Le Conseil décide de faire paver la rue Basse : « il a été reconnu que l’impulsion de l’eau serait bien plus forte en maintenant le ruisseau au milieu de la chaussée et en élevant uniformément les rives de chaque côté ». C’est ce genre de situation qui a provoqué l’expression « tenir le haut du pavé ». Selon Jean-Pierre Leguay (dans son livre « La Rue au Moyen-Age », « par forte pluie, les pavés humides ou les cailloux roulés employés comme revêtement, devenaient glissants et dangereux. Le piéton a tendance, pour éviter le dés-équilibre, à raser les murs, à suivre le haut du pavé, apparemment plus sûr mais où l’attendent d’autres risques : son pied peut se tordre ou s’embourber dans une rigole latérale et il est à la merci du jet d’une gouttière mal orientée ou de l’éclaboussure d’un liquide nauséabond expédié d’une fenêtre ». Au XIXe siècle la situation ne différait guère de celle du Moyen-Age !
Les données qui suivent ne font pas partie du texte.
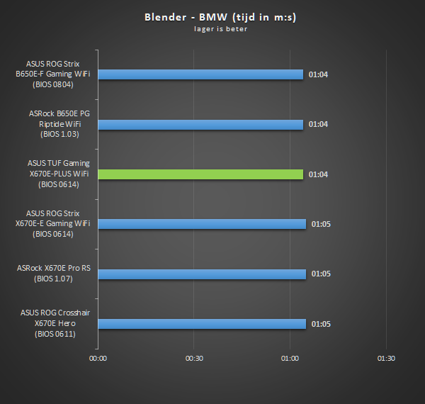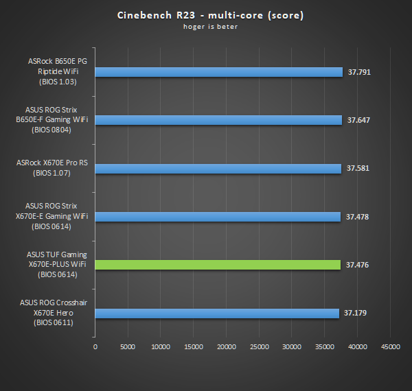 Hieronder zijn resultaten te vinden van de ASUS TUF Gaming X670E-Plus WiFi i.c.m. de AMD Ryzen 9 7950X. Het doel is om in dit hoofdstuk een algemene indruk van prestaties te geven. Prestatieverschillen tussen moederborden zijn veelal marginaal en niet te herleiden in de praktijk, kortom: het verschil is niet significant. Belangrijker gespreksonderwerp bij moederborden zijn zaken zoals de prijs, features en algemene kenmerken.
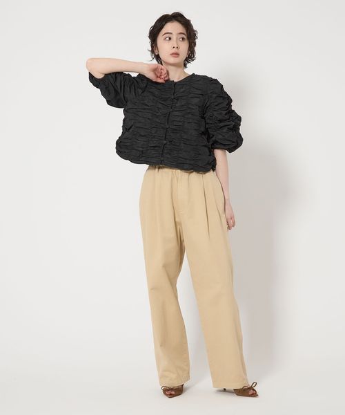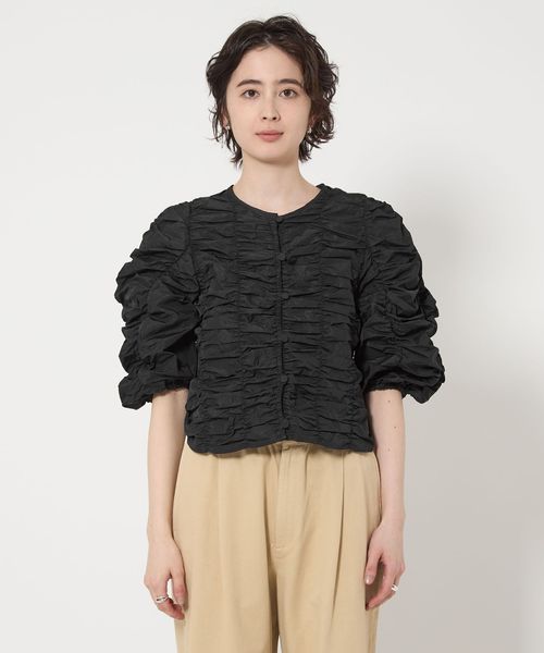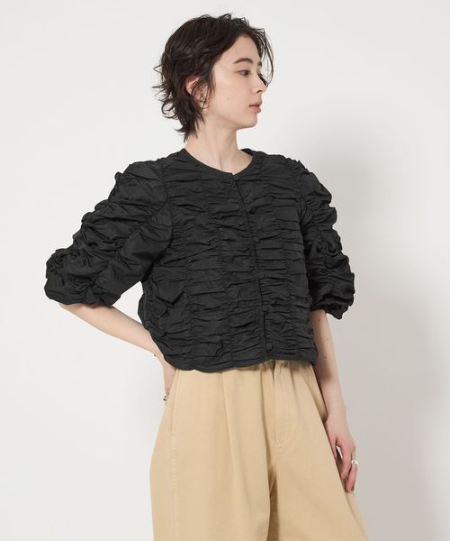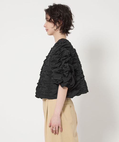 シャーリングの立体感がドラマチックな主役級トップス
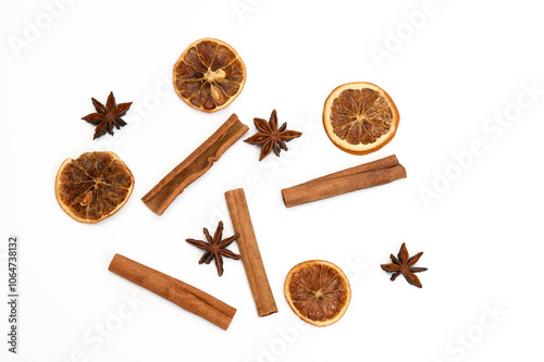 Świąteczny motyw, zapach świąt, suszone pomarańcze anyż i cynamon
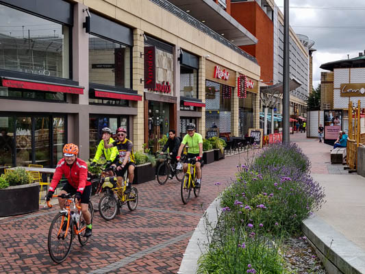 Shoppers and others wandering around at The Oracle. It is a perfectly legally cycling route, but cyclists should take care and give way to pedestrians.
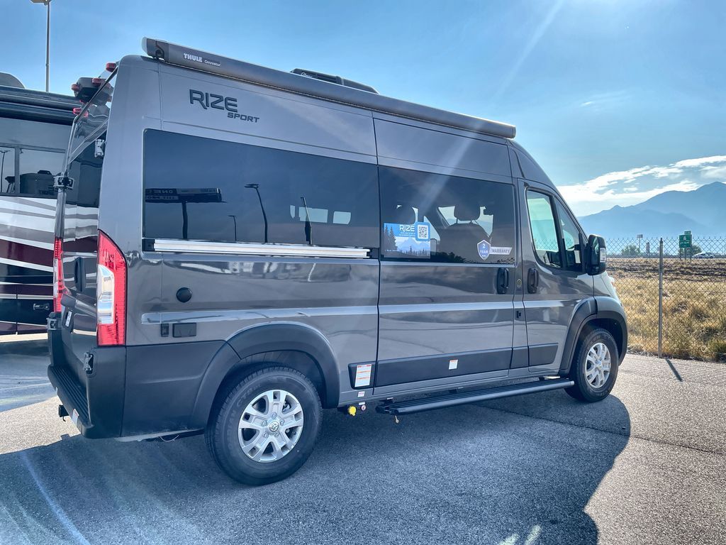 The Rize Class B gas motorhome by Thor Motor Coach allows you to experience the camping lifestyle in a compact RV packed with convenient features. There is a 3.6L Pentastar V6 engine and 276 HP to power your excursions, and the outdoor enthusiast will love the exterior sprayer. Each model includes residential vinyl flooring, Welformed interior wall panels, Euro-style upper cabinet doors, and cassette shades. You'll find solid surface countertops in the kitchen and a glass protective cover and task lighting above the cooktop to easily cook meals each day. The keyless entry system adds to the convenience found throughout these models, plus there is an exterior LP connection if you want to hook up your own grill!

15 août 1834, au conseil municipal de Châteaubriant, le maître de l’école d’enseignement mutuel se plaint des nombreuses absences de certains élèves pendant le second trimestre de l’année 1834. Une commission est chargée de s’enquérir des motifs qui les ont empêchés de fréquenter l’école « de façon fréquente et multipliée »

Ce même jour est lue une pétition des habitants du Faubourg de Béré qui réclament des réparations urgentes au lavoir et à la Fontaine Saint Jean « qui est dans un tel état de dégradation qu’on ne peut plus y laver proprement ou y puiser de l’eau propre et saine ». Cette demande est accompagnée d’un devis estimatif et d’une collecte de 62 francs faite par les habitants qui proposent en outre d’y consacrer « deux journées de harnais »

15 août 1834 : un conseiller municipal, à Châteaubriant, demande qu’il soit pris des mesures pour que l’eau de la fontaine de la Vannerie soit mise à la portée de ceux qui vont y puiser, et qu’une autre source plus rapprochée de la ville soit recherchée.

21 août 1834 : le maire Félix Lebreton, demande au sous-préfet l’autorisation de réunir le Conseil Municipal pour affaires relatives à la nouvelle horloge (qui n’est toujours pas livrée !) - et pour envisager des réparations au lavoir public de St Jean. Les habitants ayant fait une collecte s’élevant à 62 francs, il resterait 189 francs à la charge de la ville.

Ce même jour, une lettre du directeur des Arts et Métiers d’Angers évoque le cadran de l’horloge et la refonte du timbre. Le Conseil Municipal décide que « le cadran en bois sera remplacé par un cadran en lave volcanique qui sera placé à l’endroit occupé actuellement par la lucarne au midi et au dessus du cabinet où est placée l’horloge actuelle ». On apprend qu’il faut envisager 250 francs de plus pour divers changements dans le mécanisme. Mais l’horloge n’est toujours pas livrée.

 Encore les punaises !

25 Août 1834 : revoilà les punaises. L’autorité militaire n’ayant rien fait à ce sujet, le Conseil Municipal vote une avance de 20 francs « pour donner aux militaires de garde le repos qui leur est si nécessaire et pour empêcher que les habitans ne soient infectés d’insectes aussi sales que malfaisans »

27 août 1834 : le Conseil municipal fait la liste des enfants de 6 à 14 ans. Les 50 premiers seront exemptés de la rétribution mensuelle à l’instituteur et 67 autres enfants indigents, classés de 14 ans à 6 ans, recevront l’instruction gratuite pendant un an à compter de leur admission ... quand il y aura de la place à l’école.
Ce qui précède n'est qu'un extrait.